» Exercise aim
The expected output is the line with "Ateljébild, spädbarn på" plus all lines after it to the end of the material below, reproduced exactly, with pictures omitted and nothing else included.

» Dataset extract
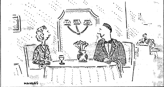 | 5. | Когато понечи да плати вечерята, скъсват кредитната му карта, на което той реагира с „По дяволите, пак ли“. |
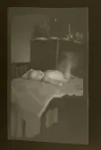 Ateljébild, spädbarn på en filt ett av fotograf Johnsons barn? Metallutfällning, gul missfärgning repor.
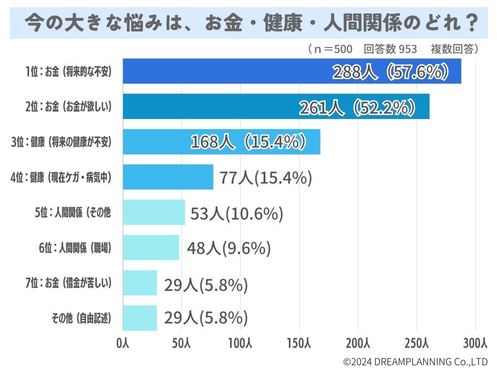今の大きな悩みは、お金・健康・人間関係のどれ?
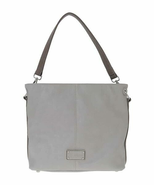 ステッチを効かせた合成皮革仕立てのカジュアルライクなショルダーバッグ。

» Output for this task
 Ateljébild, spädbarn på en filt ett av fotograf Johnsons barn? Metallutfällning, gul missfärgning repor.
今の大きな悩みは、お金・健康・人間関係のどれ?
 ステッチを効かせた合成皮革仕立てのカジュアルライクなショルダーバッグ。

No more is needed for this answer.